I initially stated that “LLMs distill human cognition” struck me as a more useful predictive abstraction than a view which claims that the trajectory of ML leads us to a scenario where future AIs, are “in the ways that matter”, doing something more like “randomly sampling from the space of simplicity-weighted plans”. My initial claim still seems right to me.
If you want to pursue the debate further, it might be worth talking about the degree to which you’re (un)convinced by Quintin Pope’s claims in this tweet thread. Admittedly, it sounds like you don’t view this issue as super cruxy for you:
I don’t know the literature on moral psychology, but that claim doesn’t feel intuitive to me (possibly I’m misunderstanding what you mean by ‘human values’; I’m also interested in any relevant sources). Some thoughts/questions:
Does your position rule out the claim that “humans model other human beings using the same architecture that they use to model themselves”?
To me, this seems like an instance where ‘value reasoning’ and ‘descriptive reasoning’ rely on similar cognitive resources. If LLMs inherit this human-like property (Quintin claims they do), would that update you towards optimism? If not, why not?
I take it that the notion of ‘intelligence’ we’re working with is related to planning. If future AI systems inherit human-like cognition wrt plan search, then I think this is a reason to expect that AI cognition will also inherit not-completely-alien-to-human values — even if there are, in some sense, distinct cognitive mechanisms undergirding ‘values’ and ‘non-values’ reasoning in humans.
This is because the ‘search over plans’ process has both normative and descriptive components. I don’t think the claim about LLMs distilling human cognition constitutes anything like a guarantee that future LLMs will have values we’d really like, and nor is it a call for complacency about the emergence of misaligned goals. I just think it constitutes meaningful evidence against the human extinction claim.
As I write this, I’m starting to think that your claim about distinct cognitive mechanisms primarily seems like an argument for doom conditioned on ‘LLMs mostly don’t distill human cognition’, but doesn’t seem like an independent argument for doom conditioned on LLMs distilling human cognition.
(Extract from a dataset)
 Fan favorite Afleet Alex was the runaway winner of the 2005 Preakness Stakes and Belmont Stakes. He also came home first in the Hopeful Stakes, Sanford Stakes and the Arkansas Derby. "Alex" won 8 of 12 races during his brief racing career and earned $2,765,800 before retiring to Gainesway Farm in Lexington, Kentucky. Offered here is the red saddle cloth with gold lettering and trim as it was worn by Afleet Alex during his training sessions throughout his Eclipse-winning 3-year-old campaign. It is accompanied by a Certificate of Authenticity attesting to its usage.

If LLMs distill the plan search component of human cognition, this feels like a meaningful update against doom. If LLMs mostly fail to distill the parts of human cognition involved in plan search, then cognitive convergence might happen because (e.g.) the Natural Abstraction Hypothesis is true, and ‘human values’ aren’t a natural abstraction. In that case, it seems correct to say that cognitive convergence constitutes, at best, a small update against doom. (The cognitive convergence would occur due to structural properties of patterns in the world, rather than arising as the result of LLMs distilling more specifically human thought patterns related to values)
So I feel like ‘the degree to which we should expect future AIs to converge with human-like cognitive algorithms for plan search’ might be a crux for you?